Consequences include sea level rise of several meters, which we estimate would occur this century or at latest next century, if fossil fuel emissions continue at a high level. That would mean loss of all coastal cities, most of the world’s large cities and all their history.
A more immediate threat is the likelihood of shutting down the oceans overturning circulations in the North Atlantic and Southern oceans. That’s where superstorms come in.  Let me explain."
Here is the paper by Hanson et al

         So, why is the issue all but ignored by the media and politicians?   Perhaps the Hanson video provides the answer.  Listen as he patiently tries to explain the multiple interacting factors ; and the evidence from deep history.  Then take a look at this   Why we can't understand global warming .   Previous issues have been simple in terms of cause and effect. CFC's destroys ozone, tobacco causes cancer, DDT softens egg shells  -   but to understand climate change , you have to be able to deal with multiple causes, effects,  and  feedbacks.  You have to see the system.    

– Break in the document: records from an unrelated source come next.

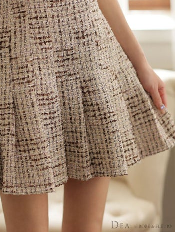 予約商品【9月上旬入荷予定】【DEA.by ROBE de FLEURS/ディア】プリーツミニ ノースリーブ ラメツイード タイトミニドレス
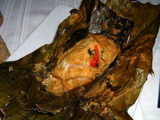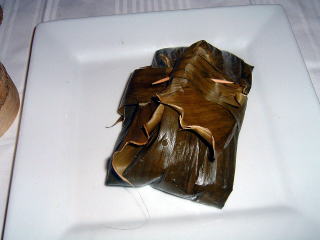 メインも、去年は蟹。今回は当店お薦めの、魚の葉巻蒸し。
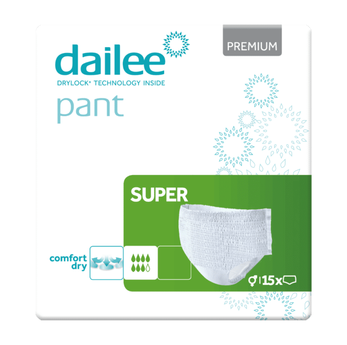 Deze dailee pant is ontwikkeld voor actieve, mobiele mensen en zwangere dames met een licht tot medium urineverlies. Eenmaal het broekje aangetrokken kan men het aan en uit doen zoals gewoon ondergoed.
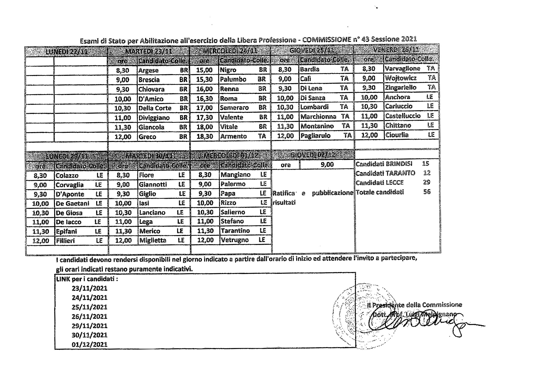 Si pubblica, come disposto da Circolare con indicazioni operative del MIUR, il calendario delle prove per gli Esami di Stato alla’esercizio della libera Professione di Geometra – sessione 2021
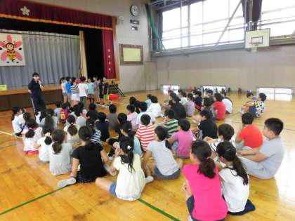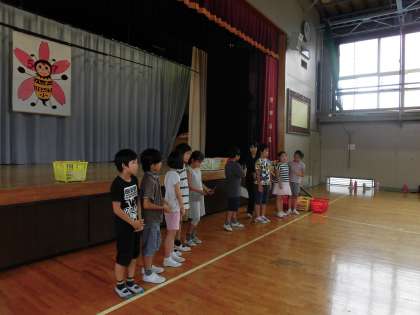 10月3日(月)の3,4時間目、花見堂小学校の4年生と本校の4年生との交流会活動がありました。場所は、花見堂小学校体育館でした。
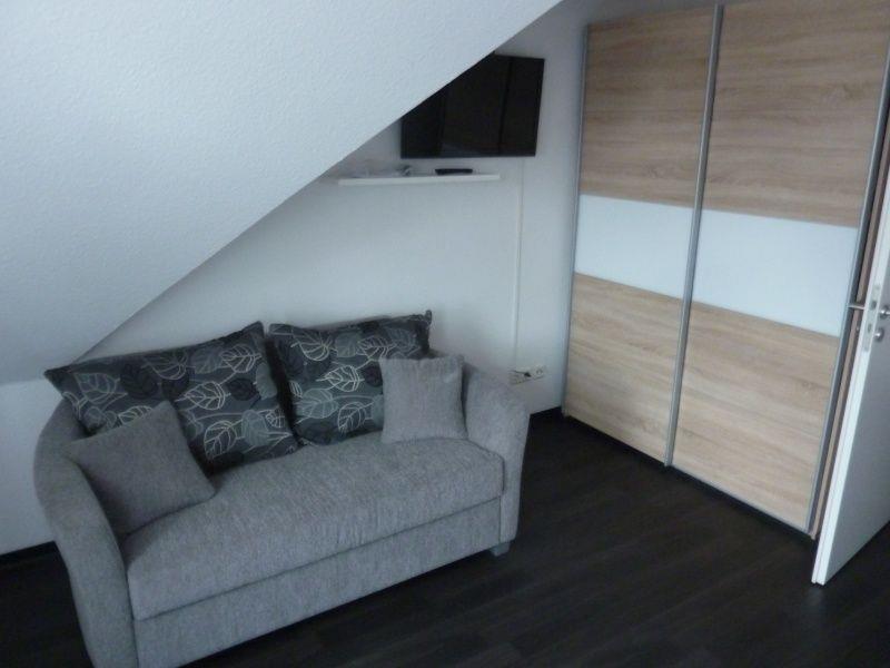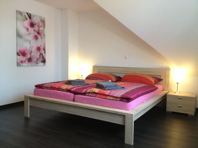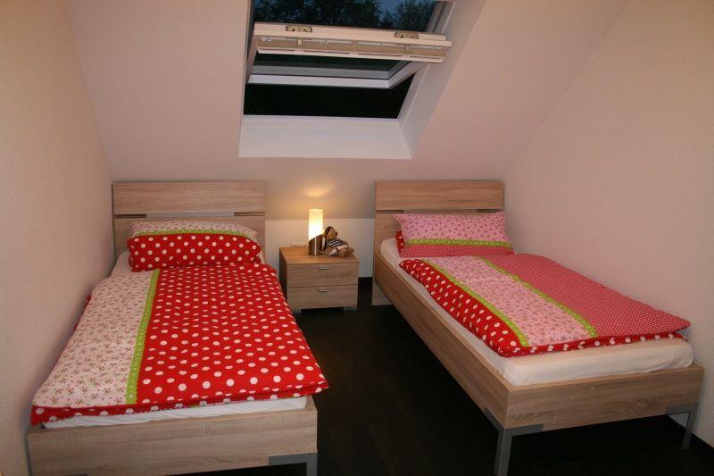 Das Ferienhaus verfügt über 2 Schlafzimmer (Doppelbett 2x 90x2m + 2 Einzelbetten 90x2m), die sich im Obergeschoss befinden. Im Elternschlafzimmer befindet sich ein zweiter Fernseher. Das große Dachfenster im Kinderzimmer ist mit einem Verdunklungsrollo ausgestattet, im Elternschlafzimmer befinden sich Plissees. Ebenfalls in der ersten Etage befindet sich ein Duschbad mit WC und Waschmaschine. Die Dusche verfügt über einen niedrigen Einstieg. Das Duschbad ist gefliest, die Schlafräume sind mit Klick-Vinyl ausgelegt.

     "Any application or force to something or someone that produces an immediate change to that thing or person is direct causation: When causation is direct, the world cause is unproblematic. We learn direct causation automatically as children because that's what we experience on a daily basis. Direct causation, and the control over our immediate environment that understanding it allows, is crucial in the life of every child. That's why it shows up in the grammar of every language.

The same is not true for systemic causation. Systemic causation cannot be experienced directly. It has to be learned, its cases have to be studied, and repeated communication is necessary before it can be widely understood.
That's right, no language in the world has a way in its grammar to express systemic causation. You drill a lot more oil, burn a lot more gas, put a lot more CO2 in the air, the earth's atmosphere heats up, more moisture evaporates from the oceans yielding bigger storms in certain places and more drought and fires in other places, and yes, more cold and snow in still other places. The world ecology is a system - like the world economy and the human brain.
As a result, we lack a concept that we desperately need. We need to understand and communicate, for instance, about the greatest moral issue of our times - global warming. The ecology is a system operating via system causation. Without an everyday concept of system causation, global warming cannot be properly comprehended. In other words, without the systemic causation frame, the oft-repeated facts about global warming cannot make sense. With only the direct causation frame, the systemic causation facts of global warming are ignored. The old frame stays, and the facts that don't fit cannot be comprehended."